_GIVEN INFORMATION_
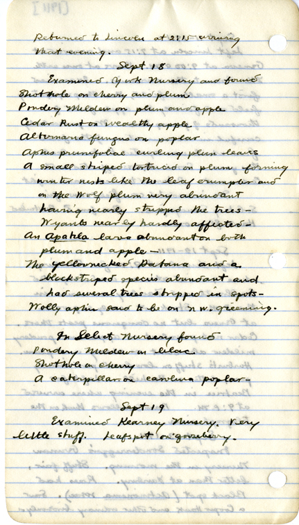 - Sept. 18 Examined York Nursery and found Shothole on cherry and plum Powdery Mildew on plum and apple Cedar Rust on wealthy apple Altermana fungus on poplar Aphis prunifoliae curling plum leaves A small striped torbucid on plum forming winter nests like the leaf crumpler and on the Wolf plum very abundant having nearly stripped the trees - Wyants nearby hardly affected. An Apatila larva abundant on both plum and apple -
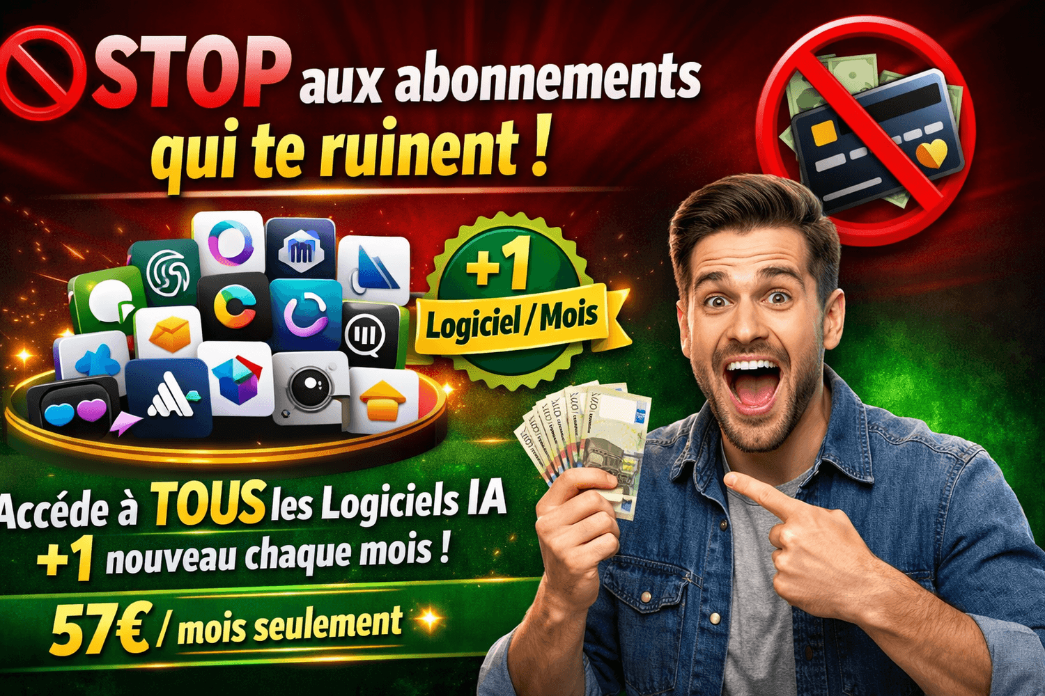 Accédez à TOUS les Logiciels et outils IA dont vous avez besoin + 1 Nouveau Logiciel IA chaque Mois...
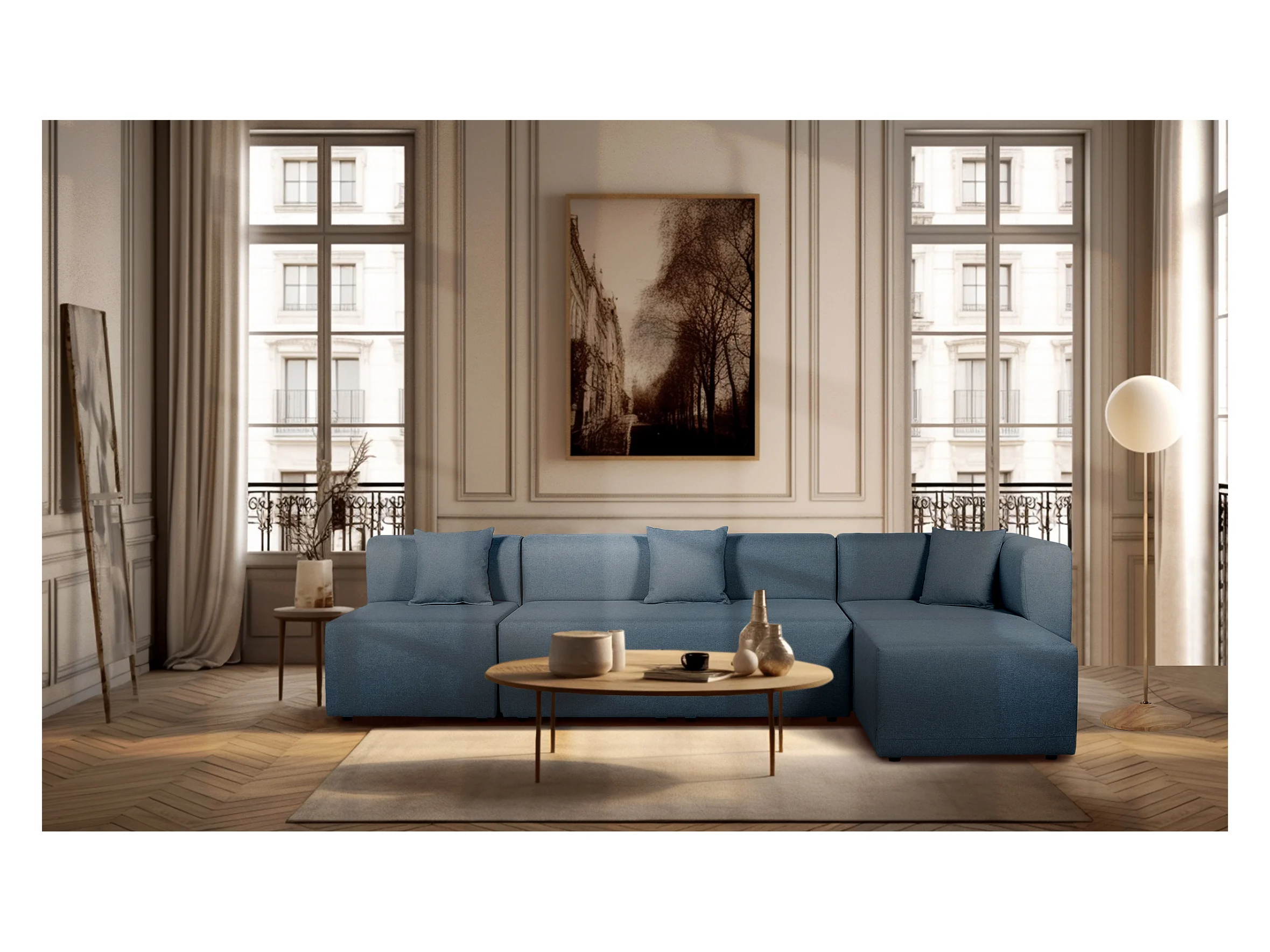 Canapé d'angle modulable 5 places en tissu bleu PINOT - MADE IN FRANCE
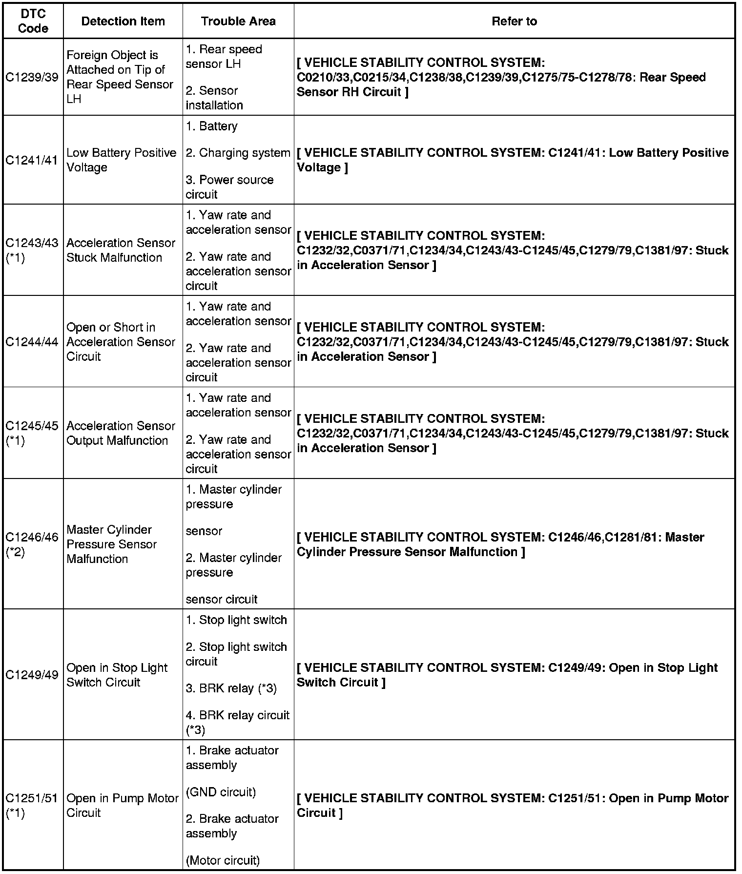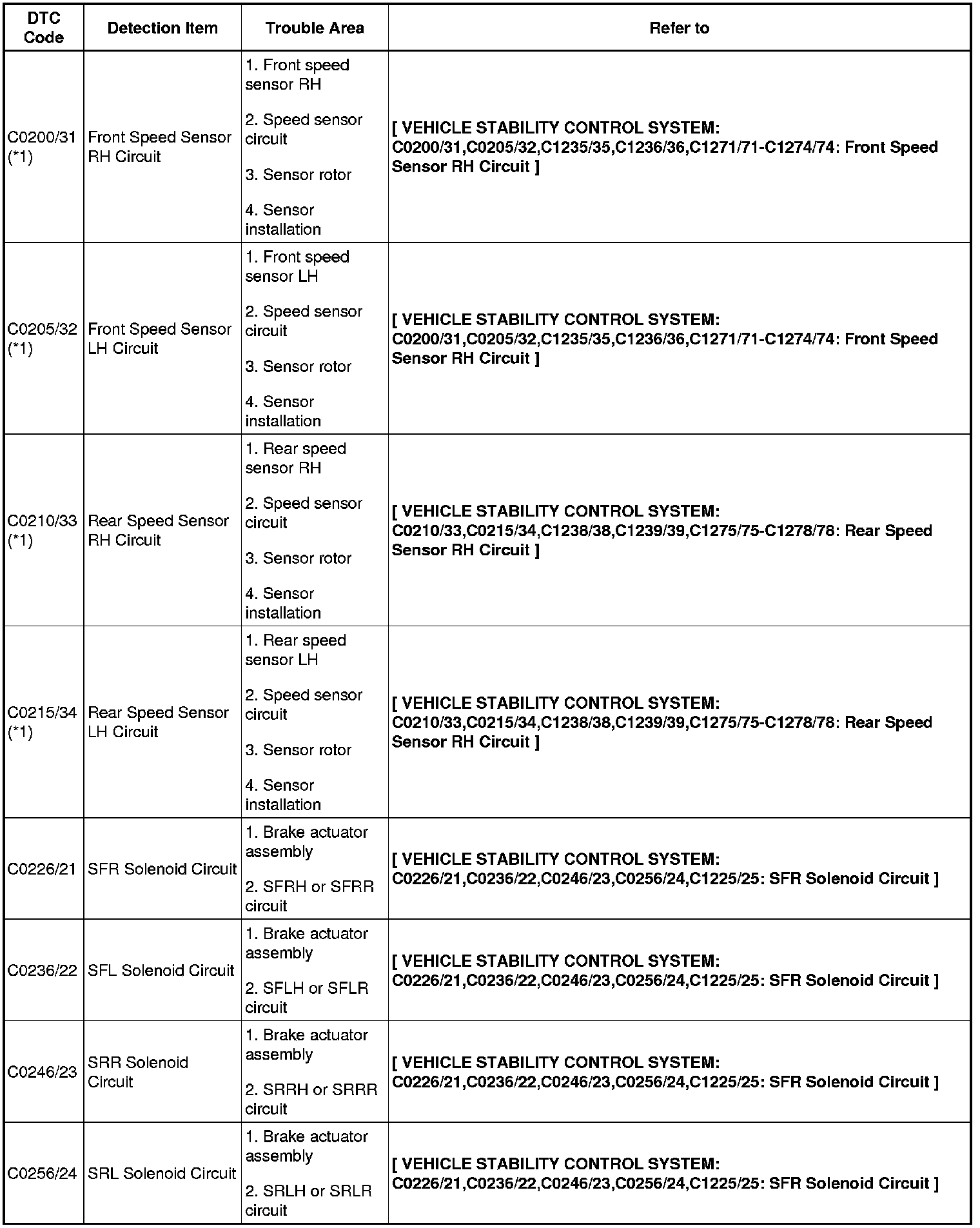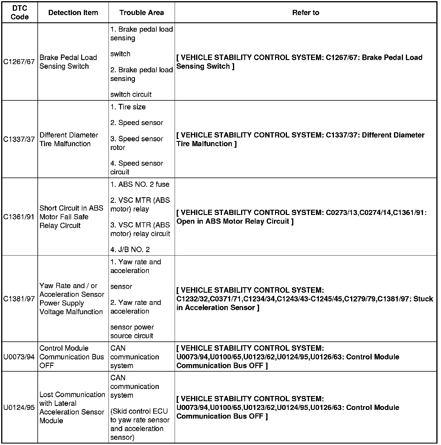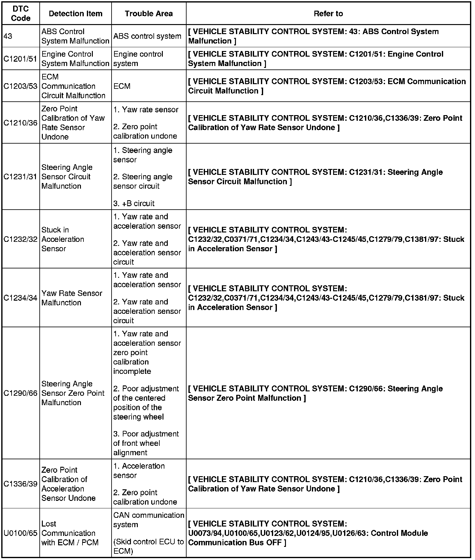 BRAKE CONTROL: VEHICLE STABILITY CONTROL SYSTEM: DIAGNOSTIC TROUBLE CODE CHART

_TASK OBJECTIVE_
Leaving the pictures out, copy exactly the lines from the line that contains "Accédez à TOUS" to the last line of the data, both ends included.

_THE COMPLETED TASK_
 Accédez à TOUS les Logiciels et outils IA dont vous avez besoin + 1 Nouveau Logiciel IA chaque Mois...
 Canapé d'angle modulable 5 places en tissu bleu PINOT - MADE IN FRANCE
 BRAKE CONTROL: VEHICLE STABILITY CONTROL SYSTEM: DIAGNOSTIC TROUBLE CODE CHART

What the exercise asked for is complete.